— Не очень понятно, но мне нравится. В детстве в деревне доводилось слышать народные песни. Красиво. Особенно приятно слушать их по вечерам. Это ведь тоже песня. И я думаю, народная. Если сумеете показать страдающий от господского гнета народ, и он будет петь… Если в конце у вас взойдет сталинское солнце, думаю, нам подойдет. Все великие поэты писали про народ. Страздялис, Донелайтис, да?
— Правильно, товарищ Симутис.
— Ну вот, пытайтесь и вы. Но не забывайте. Время угнетения кончилось. Впереди светлое будущее. Хотелось бы прочитать это стихотворение, когда завершите. Вы когда думаете его закончить?
— Думаю, недели или двух хватит.
— Хорошо. Скажем, недели через две придете ко мне с этим стихотворением, товарищ Гаршва, — принял решение Симутис. Он поднялся. Встал с лавки и Гаршва. Зуйка по-прежнему оставался сидеть и все также барабанил пальчиками.
— Надеюсь, станешь нашим, — проговорил с теплотой Симутис, пожимая руку Гаршве.
— Товарищ Симутис, я тебе все растолкую, — многообещающе прошептал Зуйка, тоже поднимаясь.
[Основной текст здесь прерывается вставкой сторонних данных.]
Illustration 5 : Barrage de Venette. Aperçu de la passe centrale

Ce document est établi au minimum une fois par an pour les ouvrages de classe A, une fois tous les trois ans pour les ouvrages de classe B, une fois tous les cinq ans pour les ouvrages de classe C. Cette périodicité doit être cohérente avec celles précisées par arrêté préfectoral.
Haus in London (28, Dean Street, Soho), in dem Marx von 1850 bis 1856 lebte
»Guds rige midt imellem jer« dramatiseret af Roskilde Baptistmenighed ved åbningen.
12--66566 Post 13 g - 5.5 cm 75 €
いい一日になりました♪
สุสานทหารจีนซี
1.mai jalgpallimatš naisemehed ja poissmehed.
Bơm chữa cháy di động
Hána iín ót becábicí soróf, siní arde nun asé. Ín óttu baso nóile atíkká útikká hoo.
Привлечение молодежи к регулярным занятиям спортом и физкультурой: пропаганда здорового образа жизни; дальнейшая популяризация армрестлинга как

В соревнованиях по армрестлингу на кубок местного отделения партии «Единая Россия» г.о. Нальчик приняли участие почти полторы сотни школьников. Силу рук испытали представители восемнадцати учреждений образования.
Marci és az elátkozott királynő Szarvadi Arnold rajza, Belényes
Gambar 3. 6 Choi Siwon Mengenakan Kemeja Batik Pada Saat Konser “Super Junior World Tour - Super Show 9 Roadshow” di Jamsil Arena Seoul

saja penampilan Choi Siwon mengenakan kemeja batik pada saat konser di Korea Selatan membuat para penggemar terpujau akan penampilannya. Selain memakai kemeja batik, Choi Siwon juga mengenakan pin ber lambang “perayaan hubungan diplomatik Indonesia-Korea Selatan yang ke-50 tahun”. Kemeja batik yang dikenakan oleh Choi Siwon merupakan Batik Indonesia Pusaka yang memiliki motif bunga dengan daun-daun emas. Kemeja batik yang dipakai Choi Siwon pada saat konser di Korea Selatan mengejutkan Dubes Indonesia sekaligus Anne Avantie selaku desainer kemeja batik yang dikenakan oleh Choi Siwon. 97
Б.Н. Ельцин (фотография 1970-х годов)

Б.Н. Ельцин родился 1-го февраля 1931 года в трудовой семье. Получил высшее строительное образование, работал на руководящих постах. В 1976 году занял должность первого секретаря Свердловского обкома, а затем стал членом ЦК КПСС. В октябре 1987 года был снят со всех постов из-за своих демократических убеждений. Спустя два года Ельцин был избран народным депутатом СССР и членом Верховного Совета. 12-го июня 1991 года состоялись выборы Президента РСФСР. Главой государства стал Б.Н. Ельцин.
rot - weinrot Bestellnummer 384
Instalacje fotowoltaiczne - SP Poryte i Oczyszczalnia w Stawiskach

— Ничего, через две недели разберемся. Спокойной ночи, товарищ Гаршва.
— Спокойной ночи.
Единственное окошко было зарешечено. По бокам висели ситцевые, когда-то светлые занавески. В углу стояла эмалированная плевательница. В слизкой каше соплями плавали желтые окурки. Валялись окурки и на грязном паркете. Симутис перехватил взгляд Гаршвы.
— Сейчас ты у меня на карачках выгребешь языком все окурки из плевательницы, — заявил он и сел на край стола. Гаршва по-прежнему шмыгал носом. Кровь все еще текла. Он услышал автомобильный гудок и увидел синюю муху. Она медленно ползла по оконной решетке.
— А ну-ка скорей!
Соловей заливался. Ведь он не исполнял обязанности секретаря высокомерного или чрезвычайно чувствительного поэта. Он просто — соловей. Lole palo eglelo — многоголосая хоровая песня. Скользящий туман — души умерших. Сказка — забытый язык.
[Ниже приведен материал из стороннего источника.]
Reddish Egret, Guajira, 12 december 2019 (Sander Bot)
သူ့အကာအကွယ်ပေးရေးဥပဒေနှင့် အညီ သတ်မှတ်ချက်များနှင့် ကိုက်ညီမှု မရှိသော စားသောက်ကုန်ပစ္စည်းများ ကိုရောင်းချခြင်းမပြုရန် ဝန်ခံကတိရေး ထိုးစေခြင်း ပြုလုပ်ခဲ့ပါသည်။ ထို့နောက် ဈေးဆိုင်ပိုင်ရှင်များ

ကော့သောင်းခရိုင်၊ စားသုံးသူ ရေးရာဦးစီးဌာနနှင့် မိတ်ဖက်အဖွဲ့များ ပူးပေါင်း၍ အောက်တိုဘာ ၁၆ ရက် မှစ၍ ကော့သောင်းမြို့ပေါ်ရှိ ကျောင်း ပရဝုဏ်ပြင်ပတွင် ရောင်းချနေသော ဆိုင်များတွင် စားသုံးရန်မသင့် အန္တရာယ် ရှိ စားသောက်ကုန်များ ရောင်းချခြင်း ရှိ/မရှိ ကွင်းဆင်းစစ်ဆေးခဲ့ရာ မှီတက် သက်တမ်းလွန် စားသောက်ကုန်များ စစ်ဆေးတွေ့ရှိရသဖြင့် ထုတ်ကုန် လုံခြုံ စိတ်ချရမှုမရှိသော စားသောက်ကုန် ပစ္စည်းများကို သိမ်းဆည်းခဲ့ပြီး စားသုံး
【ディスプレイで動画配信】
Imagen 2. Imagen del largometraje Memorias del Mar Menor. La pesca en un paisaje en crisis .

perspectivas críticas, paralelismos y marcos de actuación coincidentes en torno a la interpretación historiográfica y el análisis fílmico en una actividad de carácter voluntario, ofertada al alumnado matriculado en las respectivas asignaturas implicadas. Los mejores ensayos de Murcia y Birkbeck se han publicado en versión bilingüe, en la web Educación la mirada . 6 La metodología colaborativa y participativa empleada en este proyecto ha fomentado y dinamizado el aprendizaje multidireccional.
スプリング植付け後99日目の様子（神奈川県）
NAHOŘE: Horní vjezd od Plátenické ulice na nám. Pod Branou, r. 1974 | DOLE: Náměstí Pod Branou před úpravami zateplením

Антанас Гаршва писал. В глубине сознания рождалось ощущение спокойной неотвратимости. Соловей смолк. В вышине над забором посветлело. В соловьиной песне Гаршва пытался отыскать утраченный мир. Ведь точно так же эта неприметная пичуга щелкала, заливалась тысячи лет назад. В ее пении был сокрыт какой-то шифр, угадывался первый понятный иероглиф.
Гаршва засвистел, подражая уснувшей птице: «Я пишу сказку. Я верю в нить Ариадны, верю в интуицию. Реставрацию прошлого я оставляю исследователям древних религий. Пускай себе спорят». На бумаге из плохой древесины живут две стихотворные строфы. В погибшем мире росли деревья и кустарники. Ель, сосна, липа, дуб, береза, можжевельник.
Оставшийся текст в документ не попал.